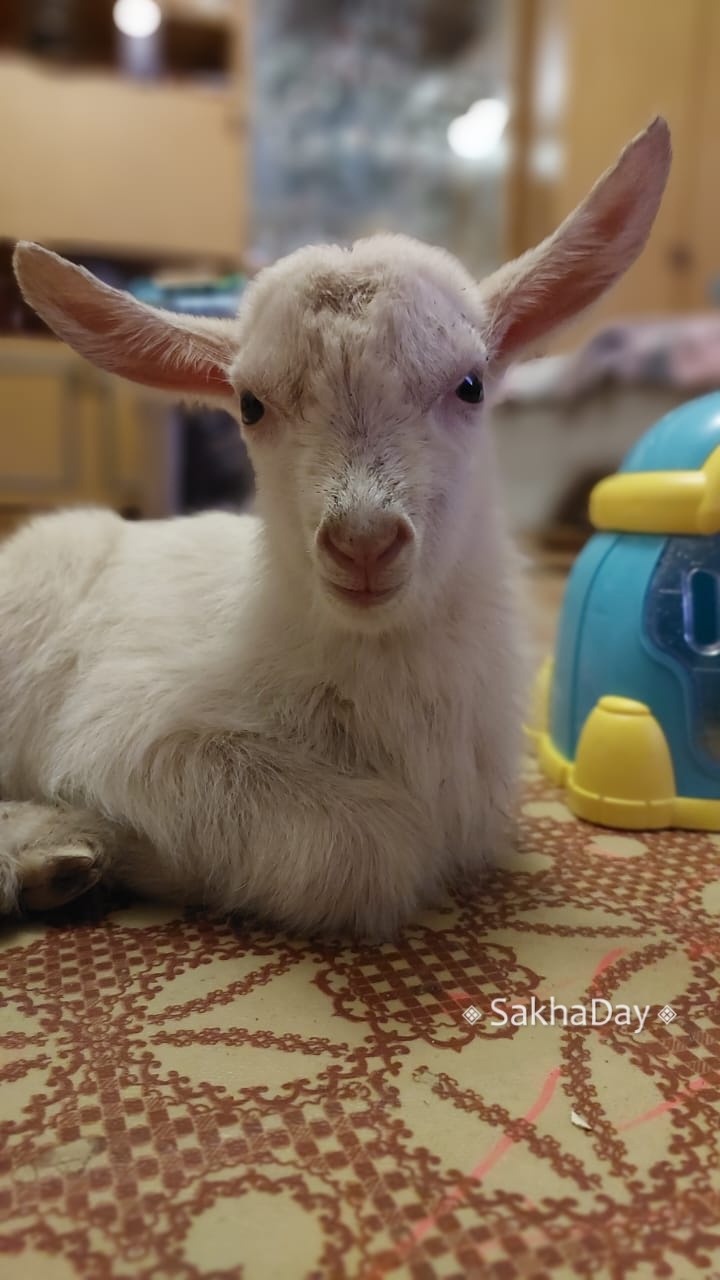 Сардаана как чуткая хозяйка заметила, что когда малыш хочет справить малую нужду, он стоит неподвижно как «замороженный», так сказать, концентрируется. И в это время домочадцы подставляют горшок. Таким образом, ухаживать за козленком стало проще.
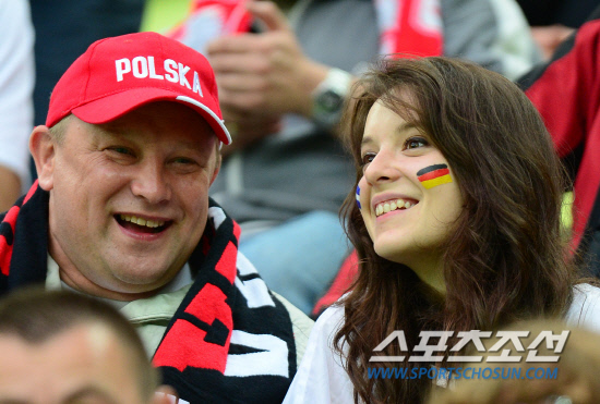 독일과 그리스가 4강을 향한 길목에서 맞붙었다. 23일(한국시각) 폴란드 그단스크 아레나에서 유로 2012 독일과 그리스의 8강전이 열렸다. 아빠와 함께 경기장을 찾은 한 소녀가 밝게 웃고 있다.
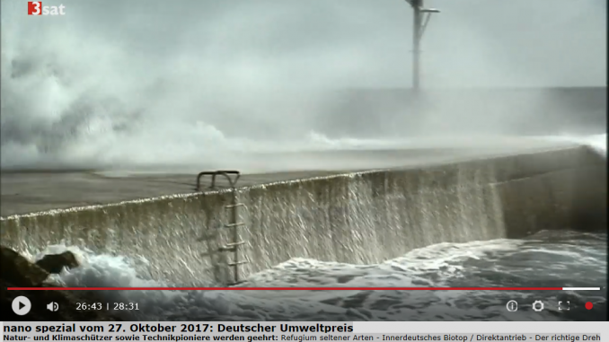 So meldet es ein Video seit dem Wochenende in der 3sat Mediathek zum deutschen Umweltpreis: [3] nano spezial vom 27. Oktober 2017 Deutscher Umweltpreis Natur- und Klimaschützer sowie Technikpioniere werden geehrt
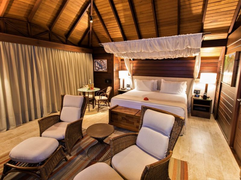Bangalô Vista Mar: Possuem uma area de 64m2, com ampla varanda, piscina privativa de profundidade variada e gazebo. Um ambiente aconchegante composto por conjunto de mesa para refeição, poltronas de leitura mesclam-se com o quarto do casal. Equipado com telefone, TV LED, canais por assinatura, DVD, ar-condicionado, frigobar, máquina de espresso, radio-relogio com bluetooth, banheira, ducha independente e secador de cabelo.
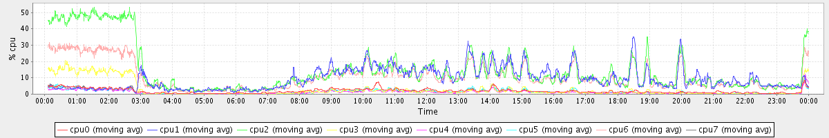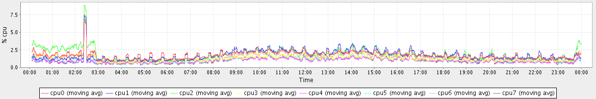 avg(cpu0) = 1.42 avg(cpu1) = 0.35 avg(cpu2) = 0.36 avg(cpu3) = 0.23 avg(cpu4) = 0.19 avg(cpu5) = 0.19 avg(cpu6) = 0.27 avg(cpu7) = 0.21
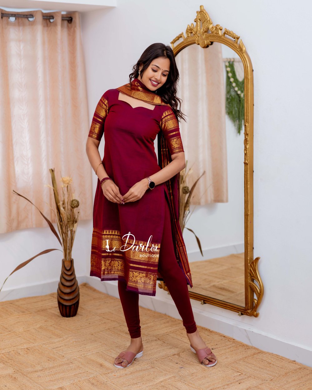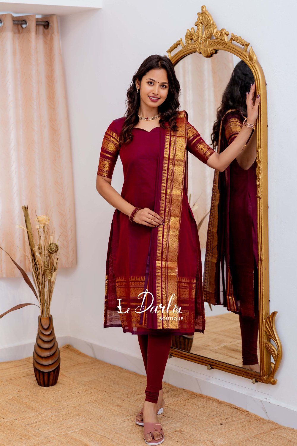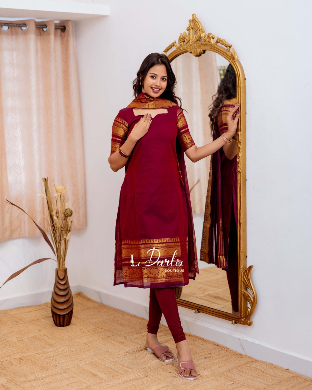 Kanchi Cotton Kurti - Wine Bigborder KKN-16
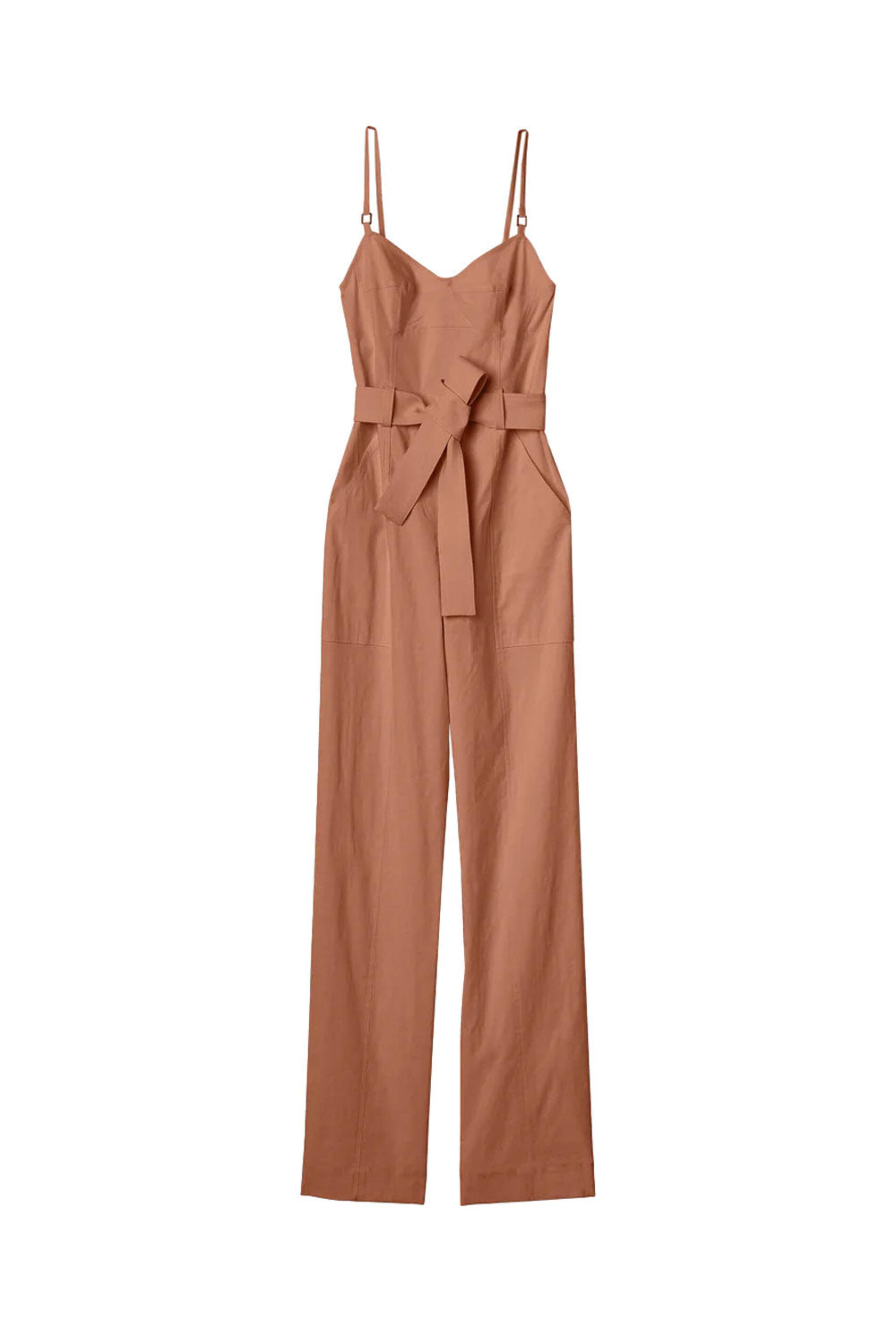A.L.C. Noisette Mila Jumpsuit. Bustier-style neckline. Sleeveless, adjustable straps. Back zip closure. Self-tie belt. Front slip pockets. Slim fit. Partially lined. 54% linen, 44% viscose, 2% elastane.
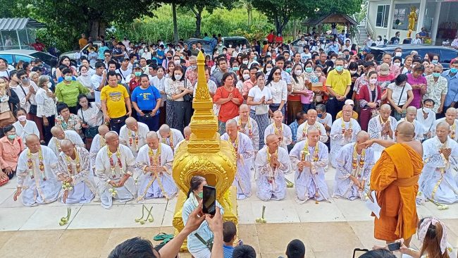 วัดเนินตองจัดพิธีอุปสมบทหมู่ เพื่อได้เรียนรู้และปฏิบัติหลักธรรมในระยะสั้นและสืบสานประเพณีท…

********

▶ [EXERCISE AIM] A faithful copy of all the lines above is needed, with the pictures omitted.

▶ [ANSWER BELOW]
 Сардаана как чуткая хозяйка заметила, что когда малыш хочет справить малую нужду, он стоит неподвижно как «замороженный», так сказать, концентрируется. И в это время домочадцы подставляют горшок. Таким образом, ухаживать за козленком стало проще.
 독일과 그리스가 4강을 향한 길목에서 맞붙었다. 23일(한국시각) 폴란드 그단스크 아레나에서 유로 2012 독일과 그리스의 8강전이 열렸다. 아빠와 함께 경기장을 찾은 한 소녀가 밝게 웃고 있다.
 So meldet es ein Video seit dem Wochenende in der 3sat Mediathek zum deutschen Umweltpreis: [3] nano spezial vom 27. Oktober 2017 Deutscher Umweltpreis Natur- und Klimaschützer sowie Technikpioniere werden geehrt
Bangalô Vista Mar: Possuem uma area de 64m2, com ampla varanda, piscina privativa de profundidade variada e gazebo. Um ambiente aconchegante composto por conjunto de mesa para refeição, poltronas de leitura mesclam-se com o quarto do casal. Equipado com telefone, TV LED, canais por assinatura, DVD, ar-condicionado, frigobar, máquina de espresso, radio-relogio com bluetooth, banheira, ducha independente e secador de cabelo.
 avg(cpu0) = 1.42 avg(cpu1) = 0.35 avg(cpu2) = 0.36 avg(cpu3) = 0.23 avg(cpu4) = 0.19 avg(cpu5) = 0.19 avg(cpu6) = 0.27 avg(cpu7) = 0.21
 Kanchi Cotton Kurti - Wine Bigborder KKN-16
A.L.C. Noisette Mila Jumpsuit. Bustier-style neckline. Sleeveless, adjustable straps. Back zip closure. Self-tie belt. Front slip pockets. Slim fit. Partially lined. 54% linen, 44% viscose, 2% elastane.
 วัดเนินตองจัดพิธีอุปสมบทหมู่ เพื่อได้เรียนรู้และปฏิบัติหลักธรรมในระยะสั้นและสืบสานประเพณีท…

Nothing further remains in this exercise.